Stock standard ive seen one dyno at 104rwkw to help you out!

Yeah the bloke at Unique Auto Sports says those mods should see 170 - 180 rwkw, but then he said that i am only running 14psi plus its a stock turbo...hmmm. I've got to back and see him for a few tuning tweaks and i need to double check the injectors so i'll see if there's any difference then...

104rwkw - cheers!

Ye... you could run 1 bar (0.7psi more) but wud of thought u wud of got more.

Maybe u have a series 1 turbo, these are a fair bit weaker and have different inlet manifolds too!

No stress... bigger turbo time :( Esp with those supportin mods!

Ye... you could run 1 bar (0.7psi more) but wud of thought u wud of got more.

Maybe u have a series 1 turbo, these are a fair bit weaker and have different inlet manifolds too!

No stress... bigger turbo time :( Esp with those supportin mods!

Why would you have thought he would make more power?

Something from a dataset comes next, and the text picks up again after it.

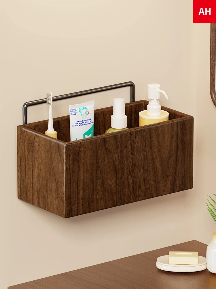 Solid Wood Wall-Mounted Storage Shelf – No Drill Bathroom Organizer for Toiletries and Personal Care Items – Stylish and Functional Washroom Storage Solution

As for different manifolds and differences in turbos, Series I and Seies II R32s :confused:

From what i would have gathered, 166rwkws is on the money:)

Meant engines dude! Not the actual car... lol

From what ive seen those mods WITHOUT a power FC can make up to 250rwhp... hes got that ontop..

Im yet to see a std turbo R32 GTST make 250rwhp, big thing with the Pfc is that the power curve/tractability of the engine should be improved...the turbo can only flow what it can flow, but the Pfc can help improve mixtures and response.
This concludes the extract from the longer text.